■ REQUIRED WORK ■
How many of the lines in the data contain "para"? Give only the number.

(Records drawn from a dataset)
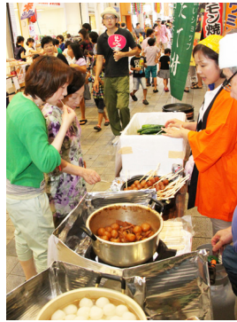
▲玉こんにやくを試食

東京板橋区で本市をはじめ全国15の市町村から直送された野菜や加工品などを販売している、全国ふる里ふれあいショップ「とれたて村」。商店街同士の交流を深めようと、8月2日の土曜日に合わせ本町商店街で1日限りの出店を行いました。 販売したのは、山形県最上町の玉こんにやくをしようゆで煮込んだ串や、和歌山県田辺市の梅干しをつぶし、きゅうりにまぶした梅キユーなど。買い求めておいしそうにほおばる姿が見られ、すべて完売の盛況ぶりでした。
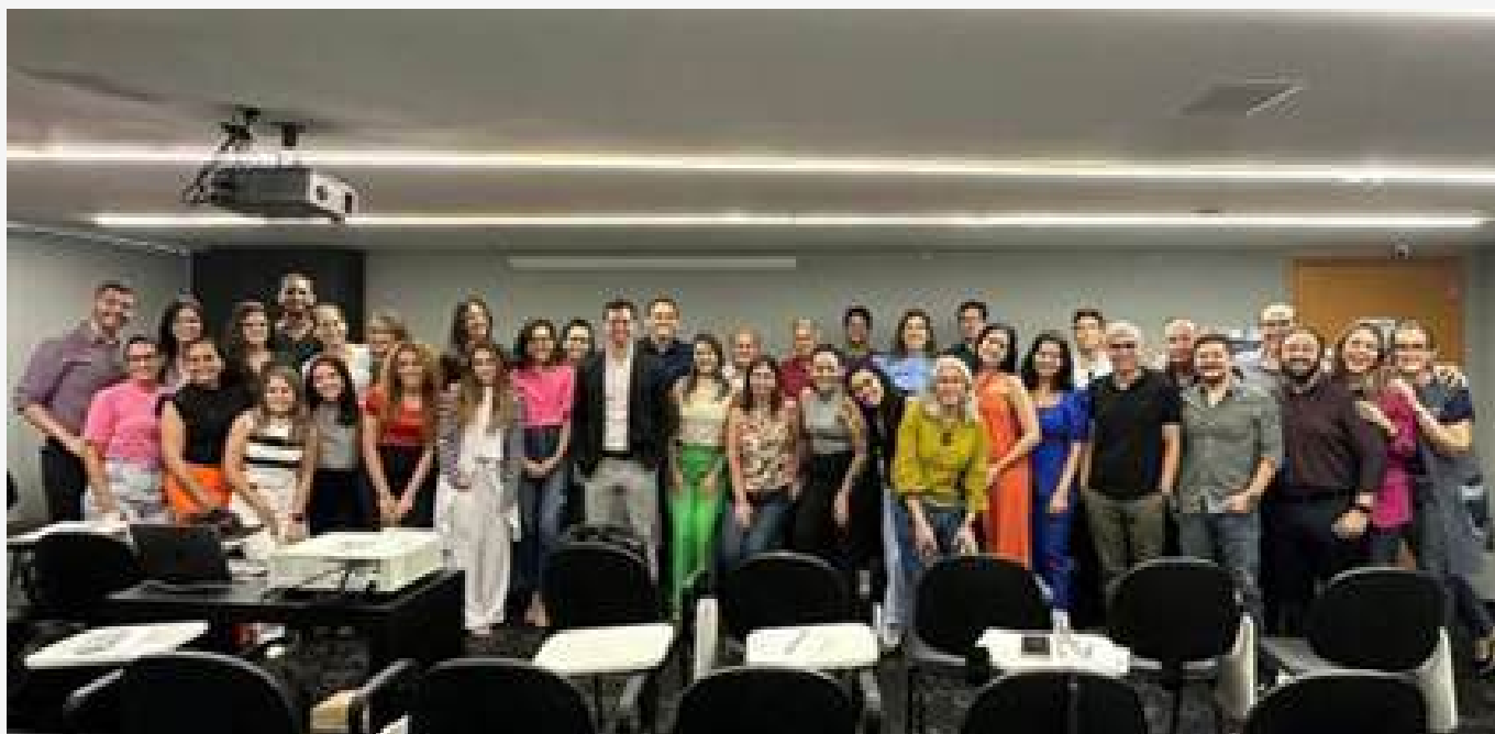
↑ Figura 6: Membros da ABOR RN no curso do Prof. Dr. Marcel Farret que encerrou as atividades científicas da ABOR RN no ano de 2023.

Portanto, com o sucesso e boas energias de 2023, finalizamos o ano com sentimento de gratidão, dever cumprido e muitas metas para 2024. Aproveito o momento para desejar boas festas e um ano vindouro de muito trabalho e realizações para ABOR Nacional e estaduais.
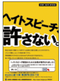
ポスター「ヘイトスピーチ許さない。」
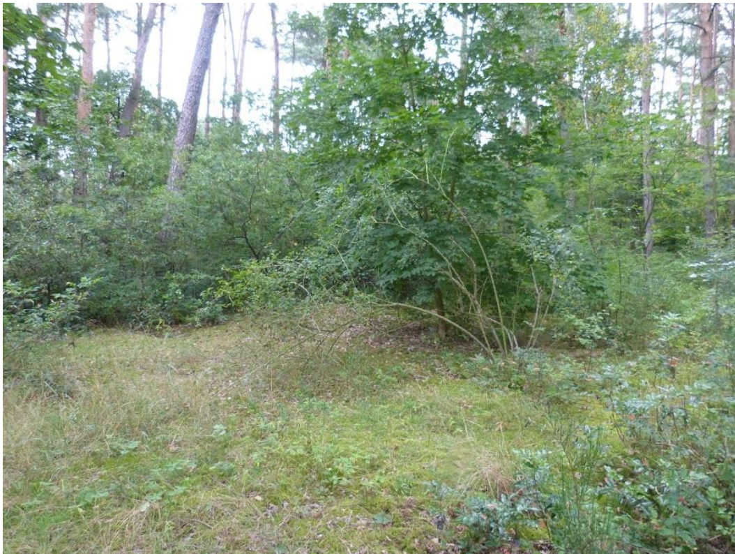
Bild 5: Blick nach Süden auf den Südteil des Plangebiets (Flst. 919)
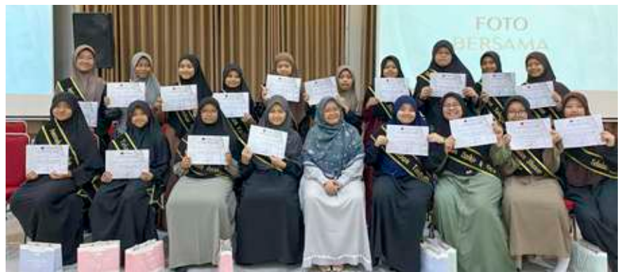
Foto bersama para pemenang nominasi Santri Awards IBS Insantama Bogor.
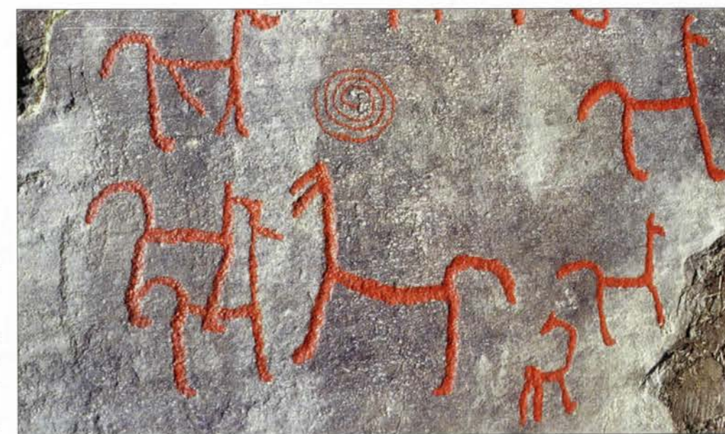
På klipporna i det inre av Trondheimsfjorden finns ett stort antal hästfigurer inristade.

■ ANSWER FOR THIS EXERCISE ■
2